## Task
Look through the data for the string "that". Copy every line where it is found.

## Information supplied

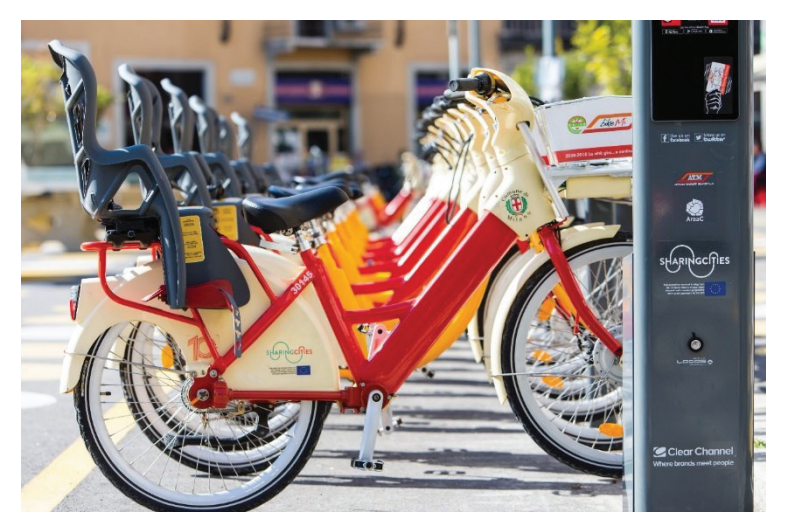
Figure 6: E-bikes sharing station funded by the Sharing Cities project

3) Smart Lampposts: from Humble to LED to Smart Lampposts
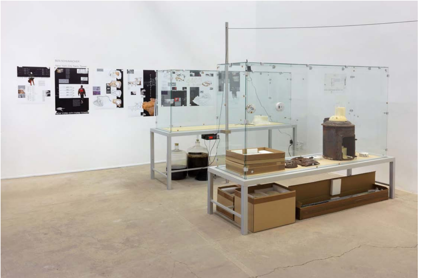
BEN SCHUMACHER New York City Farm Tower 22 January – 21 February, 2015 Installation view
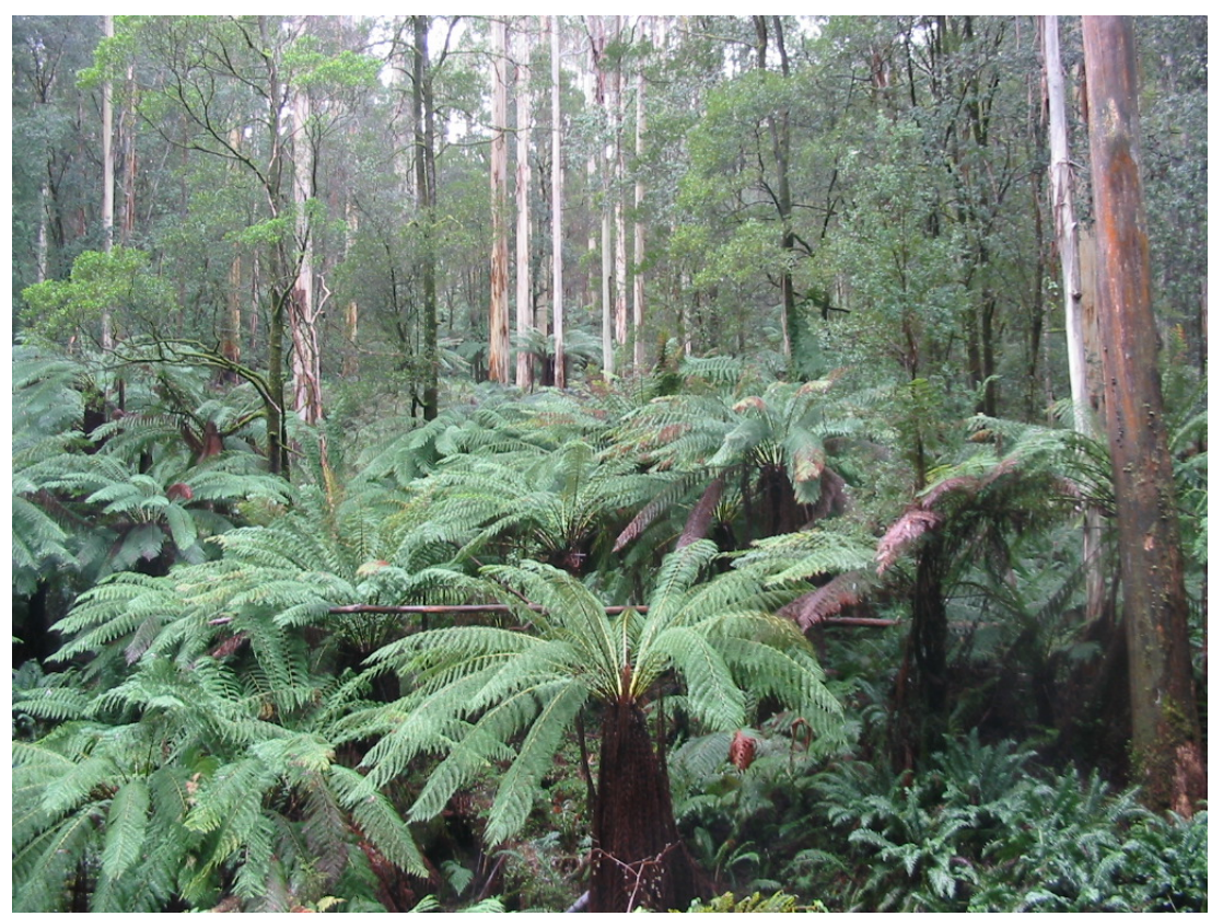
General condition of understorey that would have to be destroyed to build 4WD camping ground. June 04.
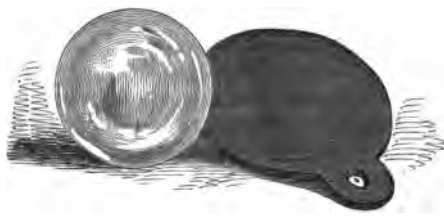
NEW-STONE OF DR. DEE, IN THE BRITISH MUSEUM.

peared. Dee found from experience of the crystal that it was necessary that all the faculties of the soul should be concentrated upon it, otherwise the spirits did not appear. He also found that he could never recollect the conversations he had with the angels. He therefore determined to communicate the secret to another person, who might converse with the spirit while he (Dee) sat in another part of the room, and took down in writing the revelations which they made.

## Exercise output
General condition of understorey that would have to be destroyed to build 4WD camping ground. June 04.
peared. Dee found from experience of the crystal that it was necessary that all the faculties of the soul should be concentrated upon it, otherwise the spirits did not appear. He also found that he could never recollect the conversations he had with the angels. He therefore determined to communicate the secret to another person, who might converse with the spirit while he (Dee) sat in another part of the room, and took down in writing the revelations which they made.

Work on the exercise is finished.